With that being said, I cannot get over how poor the writing is on “The Tortured Poets Department.” Not only do these songs all sound incredibly similar melodically, they include some of the most confusing and downright cringe-inducing lyrics I have heard in a while.
Lines like, “You know how to ball, I know Aristotle/Touch me while your bros play ‘Grand Theft Auto,’” “You wouldn’t last an hour in the asylum where they raised me,” “You smoked then ate seven bars of chocolate/We declared Charlie Puth should be a bigger artist,” “My friends all smell like weed or little babies” and arguably the worst lyric on the record, “You look like Taylor Swift/In this light, we’re loving it” simply plague this record from top to bottom.
While yes, those are one-off lyrics that don’t reflect the entire song or album’s identity, the writing, as a whole, is the worst it’s been at any point in Swift’s career. I think the main problem is that she is trying way too hard to come off as edgy, and it ultimately makes her sound out of touch.

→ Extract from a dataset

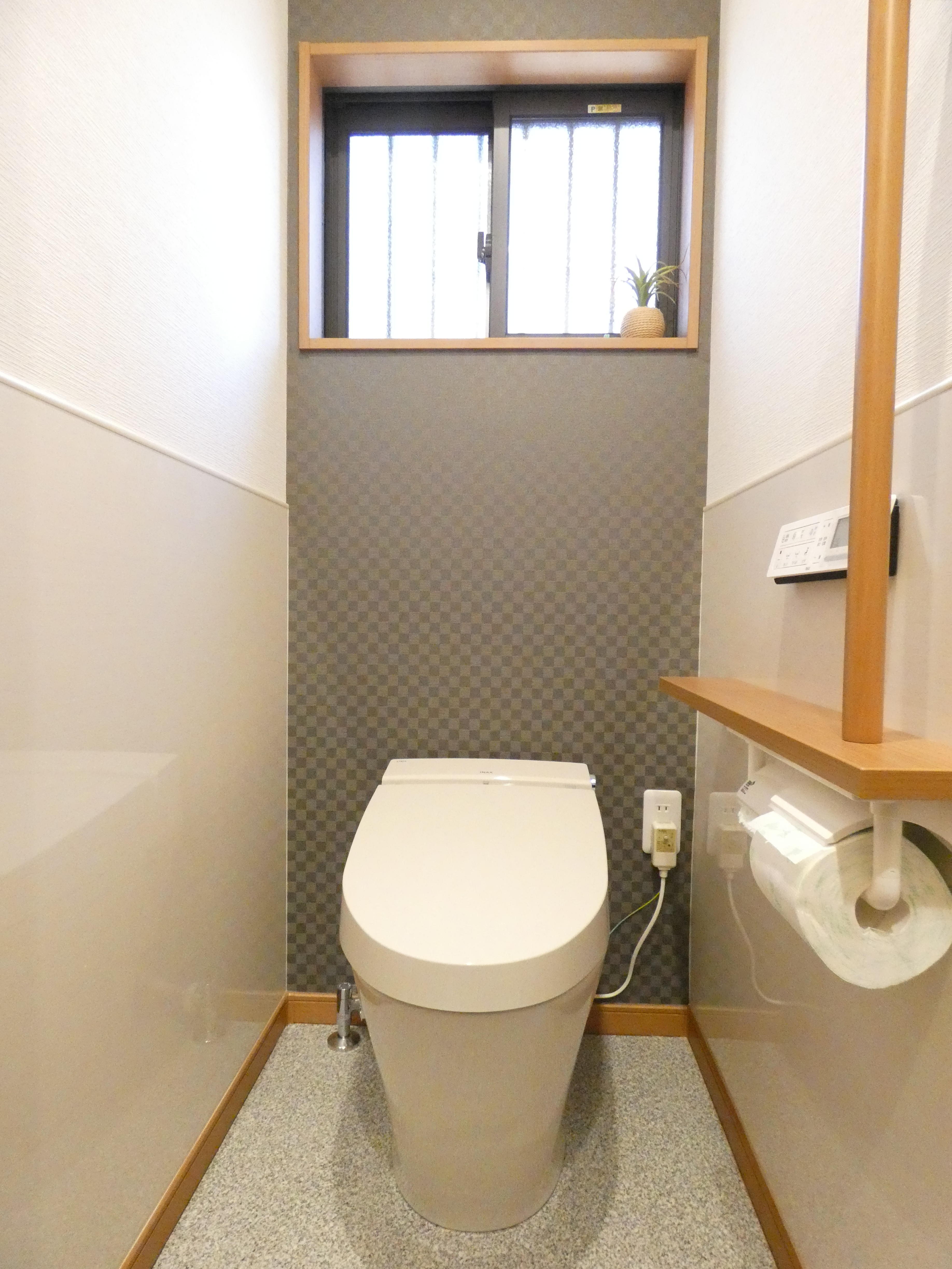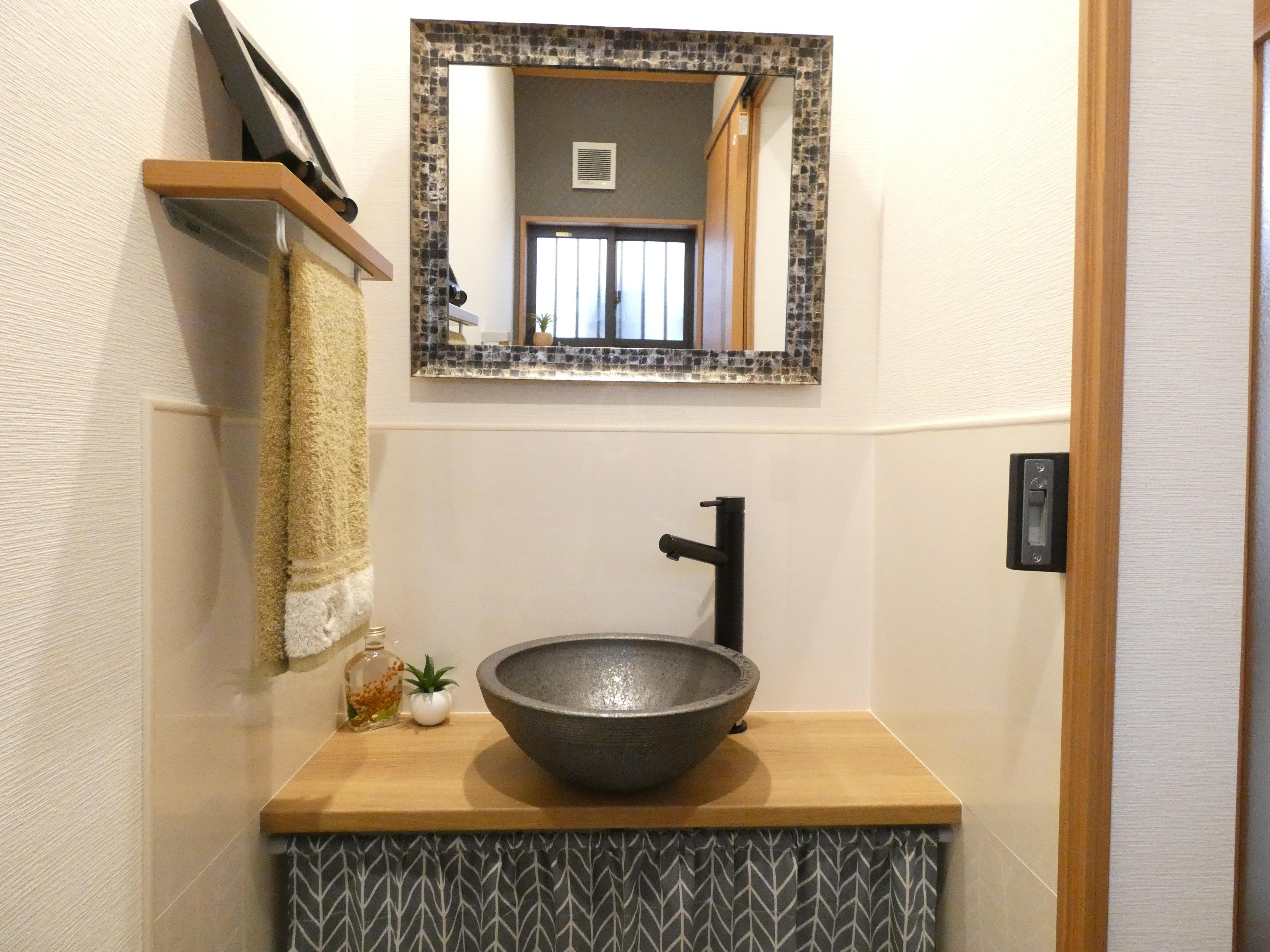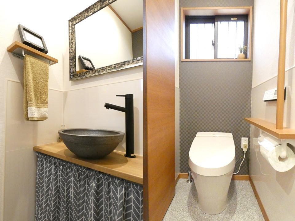 毎日使うトイレが素敵な和のテイストになり、衛生面も良く、お手入れもしやすくなり喜んで頂き嬉しく思います。お客様のお持ちだった鏡が手洗いスペースをさらに和の彩りを添えて素敵です!

It seems as if Swift is suffering from “smartest man in the room” syndrome throughout the record. Instead of writing from the heart and focusing on the charm that made her past songs and records relatable and endearing, it seems as if she was trying way too hard to think of “deep” lyrics and metaphors. This results in songs that are not, in fact, deep but instead conceptually trite and extremely awkward.
This is incredibly apparent in “Who’s Afraid of Little Old Me?” where the aforementioned asylum lyric appears. It feels like Swift is trying so unbearably hard to be edgy and dark on this record that it comes across as simply comical. The track and the record, as a whole, radiates “I’m 14, and this is deep” energy.
Even if you ignore the drop in quality from a lyrical perspective, “The Tortured Poets Department” is undoubtedly the most forgettable album from Swift sonically. Nearly every single song on the album is a sleepy, mid-tempo bore that blends together. While that’s not to say that slow, sparsely produced records cannot be captivating, plenty are, “The Tortured Poets Department” did not have the writing prowess to make up for the lack of interesting production.
I kept waiting for an interesting, or at the very least memorable, production choice throughout the record, but it never came. It truly felt like Swift and producer, Jack Antonoff, simply sleepwalked through this entire album.
Ultimately, “The Tortured Poets Department” is a misfire in every sense of the word. Swift’s lyricism is at an all-time worst, the production is repetitive and uninspired and the two-hour runtime does the record absolutely no favors. While this album is sure to be a success for Swift given the sheer power of her fanbase, I do not see it having the lasting impact of any of her past efforts. 3.5 out of 10.
The views expressed are those of the writer and do not necessarily reflect those of The Torch.